Under the birdies and dried moss and burlap are a couple of pieces of duct tape, keeping everything stable.
On to our links!
Just before Advent started, I gave a talk at St. Catherine’s in Great Falls, VA. Some asked if it was recorded; it wasn’t, but I wrote it out, and it was published this past week in Crisis: The Home: Cradle of Order and Wonder.
Two Advent motets for you (it’s still Advent! Light that last candle tomorrow!):
We sang this one, Rejoice in the Lord Alway, last Sunday (a bit faster):
When I was a girl, I was totally oppressed by the piano exercises of Zoltán Kodály. I have an almost visceral reaction to his name, and it’s not a good one! But all is forgiven with this setting of Veni, Veni, Emmanuel, which we sing tomorrow:
Fr. Dwight Longernecker with some interesting points about the shepherds who heard the angels’ message in Bethlehem. (To be enlarged upon by these reflections of the infancy of Our Lord by Pope Benedict and this book, Salvation is from the Jews, by Roy Shoeman. These are affiliate links.)

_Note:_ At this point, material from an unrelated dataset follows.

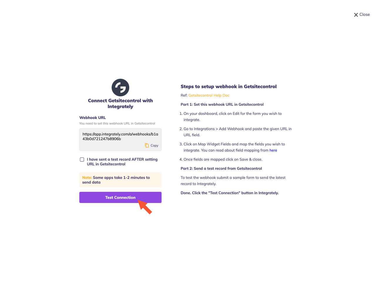 Fill out the edited widget on your website to send a test record and go back to the Integrately page. Click Test integration.

Samuel Gregg on what Edmund Burke’s affirmation of natural law suggests to conservatives today.
In my opinion, a secondary school’s curriculum should include an introduction to Euclid’s Elements as its defining study. This is a problem for boot-strapping homeschoolers: who is going to teach this? I am hoping that my skeptical friend Mark Langley will chime in on this beautiful online interactive reproduction of a 19th-century edition of the first six books of the Elements. Will it help? I know we really need an actual teacher, but what if we are exiled where we can’t find one?

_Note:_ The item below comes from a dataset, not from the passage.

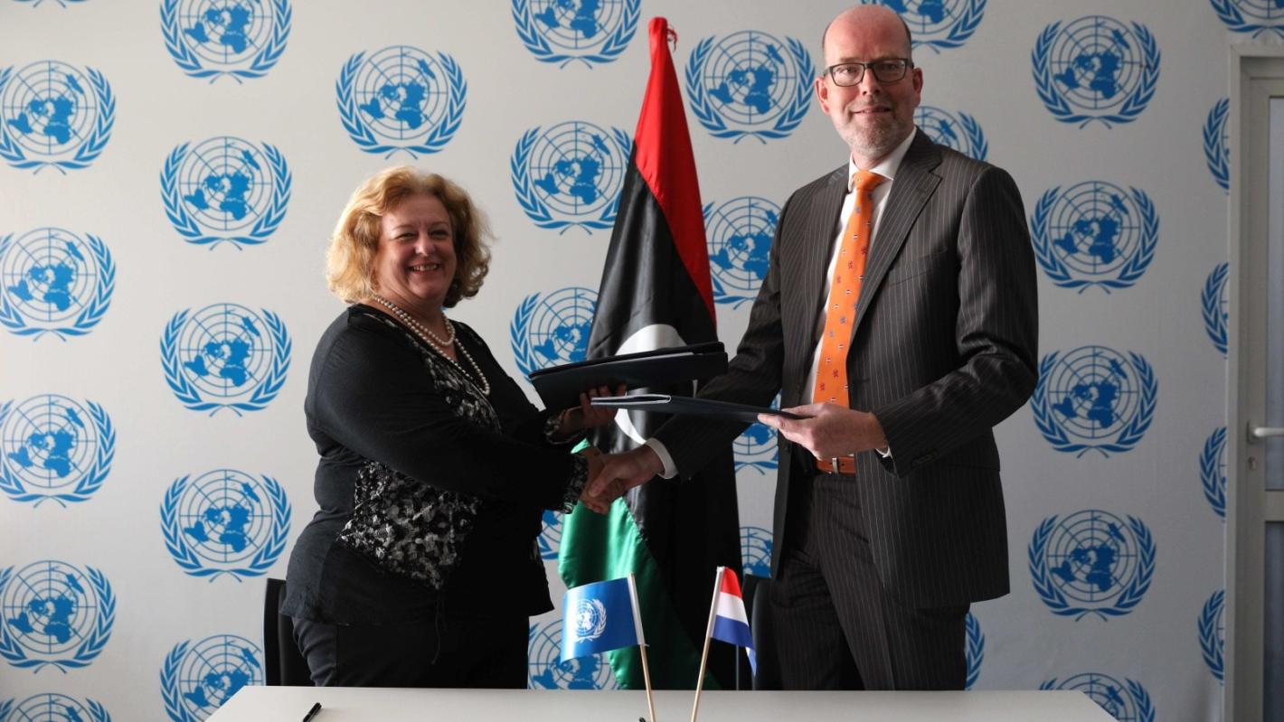 The signing ceremony took place today at the United Nations Support Mission in Libya’s Tunis office. The Netherlands Government committed USD 1.65 million to UNDP’s electoral project fund designed to boost the High National Elections Commission’s (HNEC) capacity to manage electoral processes that are in accordance with internationally recognized best practices and principles.

A review of A Year with Fr. Rutler, charming in itself.
A thoughtful meditation on the wisdom of the East, by Thomas More College president William Fahey, to bookmark as we round towards Epiphany.
Here are the cookies I’m currently making:
These Springerle, the recipe recommended by our friend Alice (who used to be Sukie’s roommate in college! You can subscribe to her scholarly reflections on liturgical matters through a medieval lens here). I do like it better than the recipe I’d used before. I have added a little bit of anise oil as well as the seed, and a little lemon oil as well. We find these cookies pretty addictive!
This shortbread, which I have not yet attempted to roll out/press in my molds. I made the gingerbread version but also added a bit of cocoa because why not.
And I have some babka rising (this year I doubled the recipe — it freezes beautifully so seems like the thing to do).
Habou has several doughs stashed away — I’ll have to ask her what kinds; and Bridget made our favorite sugar cookie dough, which we rolled out with the grandchildren/niece/nephews yesterday. I hope I have a chance to post some baking on Instagram!
From the archives:
In this post I talk about the O Antiphons and incorporating them into your family devotions (and writing curriculum). Maybe your children would like something beautiful to copy or color in this weekend while the cookies are baking? The resources for this are from the wonderful Jennifer Gregory Miller, who has worked over many years to collect so much of Catholic tradition for family richness.
If you scroll waaaay down in this post, you will find links to our family favorites in the Christmas cookie department.
And here’s where I chronicled making the babkas using three recipes.
Today we pray the 6th O Antiphon:
O King of all the nations, the only joy of every human heart;
O Keystone of the mighty arch of man:
Come and save the creature you fashioned from the dust.